Both Williams and Paul are comparable statistics wise, so what exactly makes Williams the better fit for Los Angeles?
If Paul comes to the Lakers, it will almost certainly be in a trade that will cost the Lakers, Andrew Bynum or Gasol, Lamar Odom and draft picks. New Orleans is not about to let their star player leave for almost nothing via free agency.
However, New Jersey might.
This is not to say that the Nets do not know what they are doing. It just means that the Nets are more inclined to take that risk.
Nets owner Mikihail Prokhorov wants to assemble a competitive team around Williams, and given the risk taken nature the team has already exhibited during his short tenure, all indications are the Nets will not shop Williams.
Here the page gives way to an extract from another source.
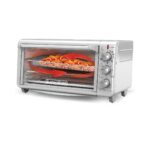 Tres perillas de control, hacen fácil ajustar el reloj automático de la función de tostar y el reloj automático de 60 minutos, y seleccionar entre cinco funciones de cocción: hornear, asar, tostar, mantener caliente y freír con aire. La tecnología de cocción por convección, circula el aire dentro del horno para resultados rápidos y uniformes al freír con aire.

New Jersey, more so than either the Magic or Hornets, will follow their vision through until the very end when they either succeed in keeping Williams, or fail and watch him go. Thus, Williams is more likely to enter free agency.
The Lakers may not have the cap to sign Williams outright, but Nets would be amenable to a sign and trade once they see he is ready to ink somewhere else.
Additionally, Williams wants to team up with another star, and doesn't care who, for lack of a better way to express it. This means, at the prospect of joining Kobe, Williams would agree to take less money to play for Los Angeles.
Yes, Williams will command more than the mid-level, but players like Ron Artest (or whomever he is calling himself these days) can be dumped; there will be teams willing to take a risk on him if the price is not too high.
Once the Nets see that Williams is ready to take less money, they trade him for picks and a trade exception so that they do not walk away with nothing.
And of course, there is also the option Williams forces New Jersey's hand midseason and says he is going to the Lakers no matter what, which forces the Nets to accept whatever low-ball offer Los Angeles throws at them.
This may all be speculation, but there is validity to it.
New Jersey is more desperate than New Orleans, meaning they are willing to risk more. The Nets will not deal Williams until they are 100 percent sure he is leaving, and by that point, they will have no leverage over negotiations.
So while the thought of Chris Paul dishing the rock off to Kobe Bryant leaves Lakers fans salivating, remember that there is a point guard in New Jersey just as young and just as good, who may be able to be acquired for much less.
The less the Lakers have to relinquish, the more intact their team stays.
And the more likely the chances are that Kobe and company bring another title back to Los Angeles.